Given the records underneath, please repeat exactly the lines from the line with "- 使用轮播表格展示每个项目的当前成本、目标成本和偏差率。" through the line with "KIWI Shoe Shine", passing over any picture.

============

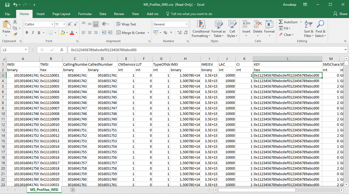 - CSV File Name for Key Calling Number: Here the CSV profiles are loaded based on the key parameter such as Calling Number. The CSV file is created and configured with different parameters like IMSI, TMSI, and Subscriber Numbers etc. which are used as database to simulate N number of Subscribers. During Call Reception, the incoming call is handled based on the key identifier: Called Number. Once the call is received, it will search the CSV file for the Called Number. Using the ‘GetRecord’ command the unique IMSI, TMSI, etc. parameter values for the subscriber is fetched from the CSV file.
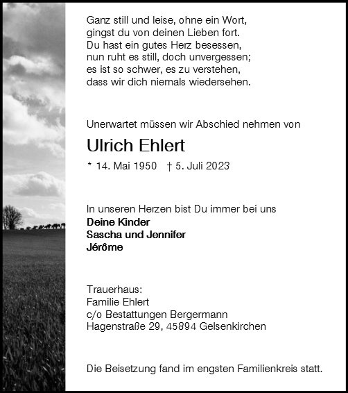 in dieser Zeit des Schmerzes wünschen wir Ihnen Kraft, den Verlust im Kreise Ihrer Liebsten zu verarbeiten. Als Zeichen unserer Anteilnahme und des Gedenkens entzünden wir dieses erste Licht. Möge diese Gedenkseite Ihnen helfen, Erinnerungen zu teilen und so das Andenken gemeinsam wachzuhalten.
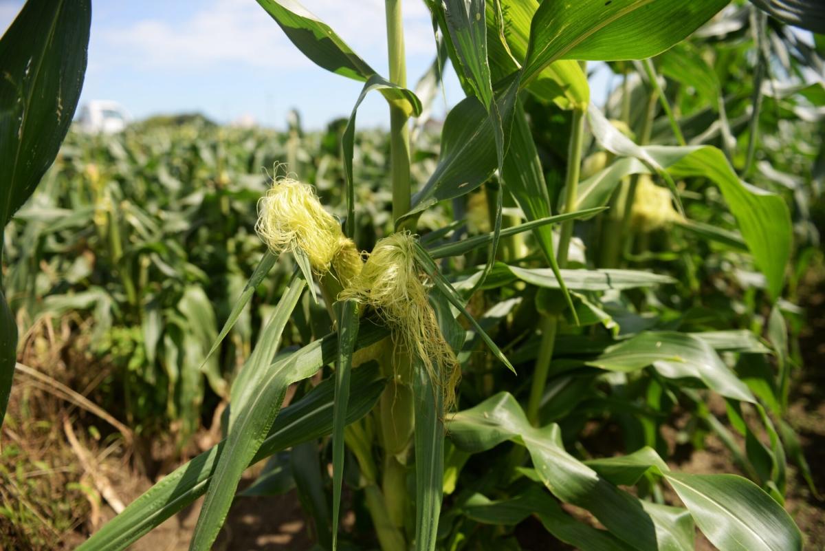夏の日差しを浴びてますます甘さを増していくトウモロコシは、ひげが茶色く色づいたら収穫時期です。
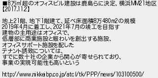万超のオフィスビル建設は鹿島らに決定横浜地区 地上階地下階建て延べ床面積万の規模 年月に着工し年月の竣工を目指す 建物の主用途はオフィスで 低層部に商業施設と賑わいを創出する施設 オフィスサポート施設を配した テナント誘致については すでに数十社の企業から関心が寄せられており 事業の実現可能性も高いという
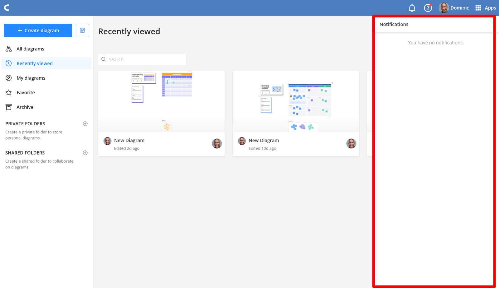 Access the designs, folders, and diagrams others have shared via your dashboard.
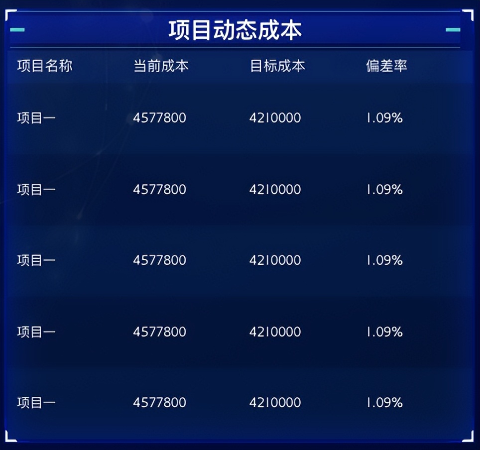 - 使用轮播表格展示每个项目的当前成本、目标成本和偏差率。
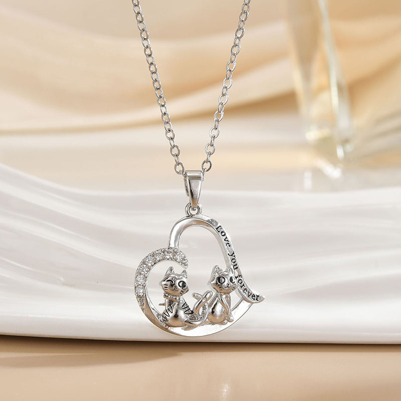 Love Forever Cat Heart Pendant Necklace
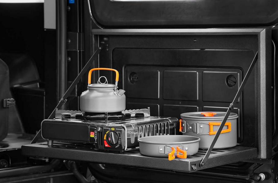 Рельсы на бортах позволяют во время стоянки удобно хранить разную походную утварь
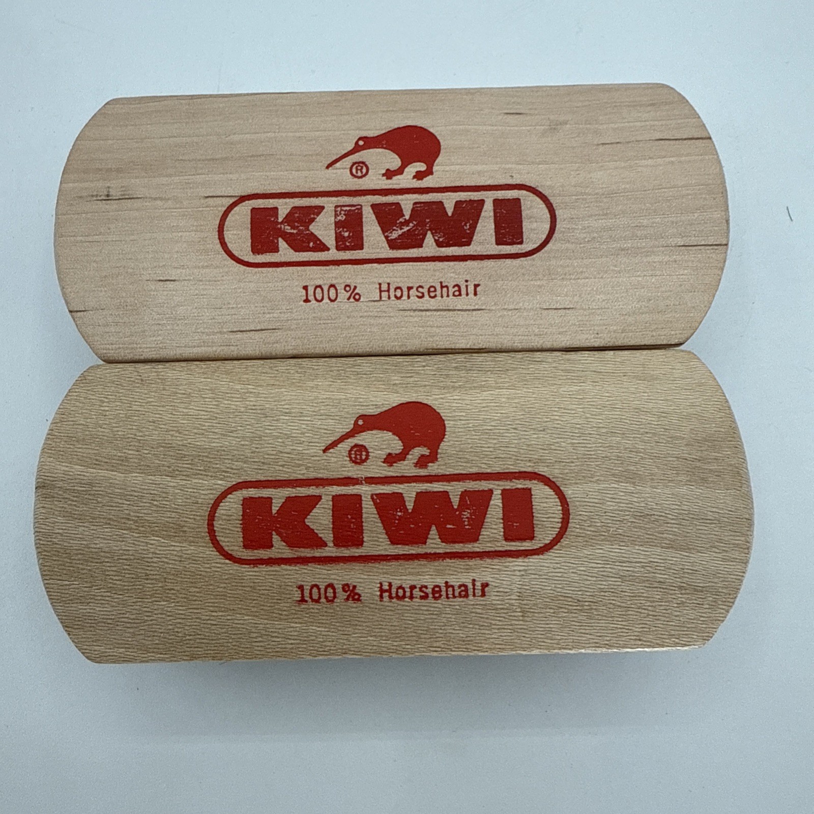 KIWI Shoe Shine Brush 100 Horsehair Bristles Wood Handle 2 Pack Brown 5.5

============

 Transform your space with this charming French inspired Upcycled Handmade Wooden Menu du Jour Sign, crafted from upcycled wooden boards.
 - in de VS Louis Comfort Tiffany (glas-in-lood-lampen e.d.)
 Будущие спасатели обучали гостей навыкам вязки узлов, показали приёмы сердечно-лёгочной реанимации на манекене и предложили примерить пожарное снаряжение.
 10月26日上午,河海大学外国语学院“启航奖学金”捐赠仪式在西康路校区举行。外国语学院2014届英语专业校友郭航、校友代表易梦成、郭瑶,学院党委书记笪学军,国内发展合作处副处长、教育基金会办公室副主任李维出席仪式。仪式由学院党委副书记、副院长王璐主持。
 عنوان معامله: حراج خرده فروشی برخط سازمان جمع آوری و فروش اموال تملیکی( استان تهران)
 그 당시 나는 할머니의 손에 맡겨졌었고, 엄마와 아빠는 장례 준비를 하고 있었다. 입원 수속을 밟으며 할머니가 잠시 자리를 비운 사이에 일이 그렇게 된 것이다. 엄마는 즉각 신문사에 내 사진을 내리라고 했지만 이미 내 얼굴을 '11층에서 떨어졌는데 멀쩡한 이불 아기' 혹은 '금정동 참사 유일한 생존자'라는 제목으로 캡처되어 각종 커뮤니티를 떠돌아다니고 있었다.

============

▶ [Task answer]:
 - 使用轮播表格展示每个项目的当前成本、目标成本和偏差率。
 Love Forever Cat Heart Pendant Necklace
 Рельсы на бортах позволяют во время стоянки удобно хранить разную походную утварь
 KIWI Shoe Shine Brush 100 Horsehair Bristles Wood Handle 2 Pack Brown 5.5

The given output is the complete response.